Postby Pyrpolizer » Sat Oct 01, 2011 11:31 pm

There are so many places/areas in the occupied that haven't changed not only from 1974 but even before that.The first thing I recognized unchanged was that little round about in Nicosia that we used to take to go to Morphou, it is still there, same size as it was before 1963!!
Generally there is not much activity in the occupied, and there are many deserted or half deserted places.

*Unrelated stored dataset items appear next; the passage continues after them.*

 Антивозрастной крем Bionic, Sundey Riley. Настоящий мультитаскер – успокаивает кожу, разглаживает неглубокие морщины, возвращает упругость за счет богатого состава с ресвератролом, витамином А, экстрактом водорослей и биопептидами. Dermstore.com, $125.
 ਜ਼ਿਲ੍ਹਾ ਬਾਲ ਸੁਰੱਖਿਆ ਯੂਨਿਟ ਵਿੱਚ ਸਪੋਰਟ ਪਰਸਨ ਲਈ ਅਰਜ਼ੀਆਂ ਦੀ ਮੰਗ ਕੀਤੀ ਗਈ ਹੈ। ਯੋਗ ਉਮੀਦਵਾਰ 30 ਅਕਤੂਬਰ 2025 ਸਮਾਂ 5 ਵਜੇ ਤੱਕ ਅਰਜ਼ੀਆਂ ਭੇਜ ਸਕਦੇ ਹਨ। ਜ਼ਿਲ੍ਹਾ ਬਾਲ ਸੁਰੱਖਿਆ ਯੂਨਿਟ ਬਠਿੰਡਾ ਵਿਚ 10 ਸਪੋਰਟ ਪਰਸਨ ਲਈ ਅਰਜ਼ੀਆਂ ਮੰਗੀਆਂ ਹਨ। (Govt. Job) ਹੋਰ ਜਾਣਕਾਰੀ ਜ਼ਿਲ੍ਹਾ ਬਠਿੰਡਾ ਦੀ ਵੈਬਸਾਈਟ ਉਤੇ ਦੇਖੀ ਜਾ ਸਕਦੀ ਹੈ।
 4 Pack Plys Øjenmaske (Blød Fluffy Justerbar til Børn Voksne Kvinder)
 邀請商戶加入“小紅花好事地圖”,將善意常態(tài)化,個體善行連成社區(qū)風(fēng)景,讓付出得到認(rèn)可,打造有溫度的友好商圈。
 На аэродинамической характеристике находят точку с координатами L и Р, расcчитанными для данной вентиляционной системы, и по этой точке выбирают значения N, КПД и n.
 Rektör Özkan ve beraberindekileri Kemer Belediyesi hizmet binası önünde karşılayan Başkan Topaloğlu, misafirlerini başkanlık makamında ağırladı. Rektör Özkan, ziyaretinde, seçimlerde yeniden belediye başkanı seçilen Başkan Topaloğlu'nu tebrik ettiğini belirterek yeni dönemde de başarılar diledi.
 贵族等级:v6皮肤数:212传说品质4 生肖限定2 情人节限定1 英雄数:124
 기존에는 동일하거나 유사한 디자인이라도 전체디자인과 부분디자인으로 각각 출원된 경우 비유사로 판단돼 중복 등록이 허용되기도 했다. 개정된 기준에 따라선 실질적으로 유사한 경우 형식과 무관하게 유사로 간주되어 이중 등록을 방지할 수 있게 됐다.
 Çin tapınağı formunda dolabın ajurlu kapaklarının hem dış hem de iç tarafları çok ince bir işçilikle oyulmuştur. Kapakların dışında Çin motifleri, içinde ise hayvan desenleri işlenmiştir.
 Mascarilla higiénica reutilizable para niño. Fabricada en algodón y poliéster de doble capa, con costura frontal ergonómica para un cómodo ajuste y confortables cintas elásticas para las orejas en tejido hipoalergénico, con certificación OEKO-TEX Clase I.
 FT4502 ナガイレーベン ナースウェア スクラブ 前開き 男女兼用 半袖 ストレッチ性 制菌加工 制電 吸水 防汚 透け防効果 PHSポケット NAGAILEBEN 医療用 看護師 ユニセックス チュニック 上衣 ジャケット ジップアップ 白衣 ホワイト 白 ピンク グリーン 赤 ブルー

Even places where there are people for example the neighborhoods outside the barbed area of famagusta seem to have stagnated in time.You often see rusted street signs with the street name written in Greek The only new things you see everywhere are turkish flags, together with the flag of the pseudo :lol:

The bazaar shown in the pictures is a typical example of the many investments mainland Turks have done in the occupied-almost all of them a total economic failure, and abandoned. With the exception of the Kibrislis who hold government jobs the rest seem to be subemployed...
One thing that really puzzled me was that Kibrislis at their 30s could of speak Greek!!Wherefrom they learned it I don't know..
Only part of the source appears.